Medication may promote opening of arteries following stroke

A medication known as argatroban, when combined with another drug already used in the treatment of stroke patients, may help restore the flow of blood through blocked arteries, according to a preliminary study in the August issue of Archives of Neurology, one of the JAMA/Archives journals.

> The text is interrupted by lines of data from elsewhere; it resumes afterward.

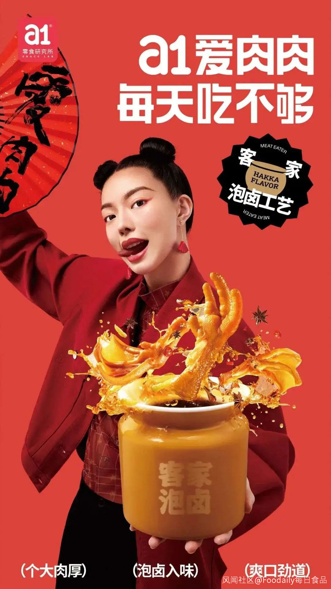 3月18日,a12022新品發佈會隆重召開,同時a1正式宣佈推出a1愛肉肉系列客家泡滷禽類產品,實現品類外延。新系列包括客家泡滷鴨掌、客家泡滷鳳爪、客家泡滷鴨翅等核心產品。未來,a1愛肉肉還將在腸衣類、禽肉類、素肉類、豬肉類、牛肉類、海味類等多品類實現佈局,全面搶佔休閒肉製品賽道。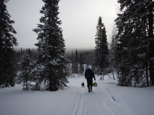 Klockan åtta på morgonen dagen efter var vi klara att starta vår avfärd, disigt väder och minus tio grader. Med hunden i koppel i en handen och soppåsen i den andra var det bara att trava på.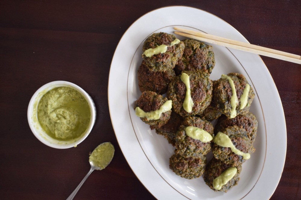 Believe me, I’d long given up on the falafel dream, resigning myself to order from the Lebanese lady at the farmer’s market. If you’ve read my vegan carrot cake pancakes post then you’ll know about the abundance of home grown produce in my home. Among these vegetables, we have some leafy green spinach hanging around. To put it to good use, I blindly added it to my food processor with some chickpeas and quinoa. And whoa. And I mean WHOA. These beautiful things came around.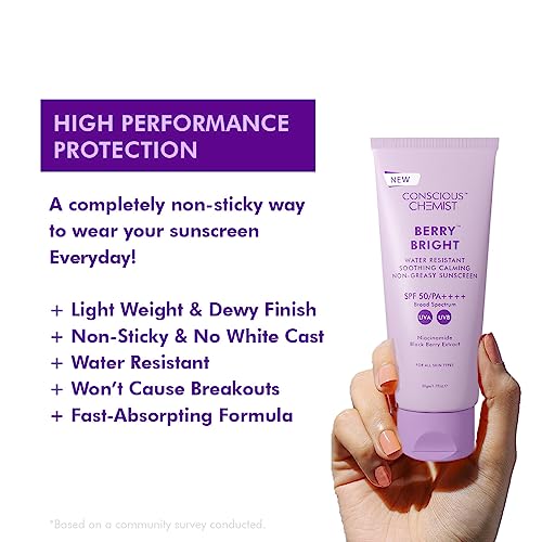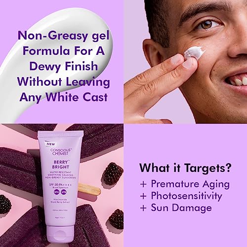 Conscious Chemist® Hybrid Lightweight Gel Sunscreen SPF 50 PA ++++ with Water Resistant, Niacinamide, Black Berry Extract | Non-Greasy, No White-Cast | All Skin Types, Cruelty Free | 50 g

Ischemic stroke, the most common type of stroke, generally occurs when a blood clot lodges in an artery, blocking blood flow to the brain. Some patients with ischemic stroke are treated quickly with intravenous recombinant tissue plasminogen activator (rtPA), which works to help dissolve the clot and reopen the artery. However, some patients do not respond to rtPA alone, according to background information in the article. In animals, argatroban--which blocks the action of chemicals that clot the blood--has been shown to work with rtPA, increasing blood flow, speeding the opening of blood vessels and preventing recurring blockages. Argatroban is approved for use in patients with heart attacks to help prevent clots but has not been tested in human stroke victims.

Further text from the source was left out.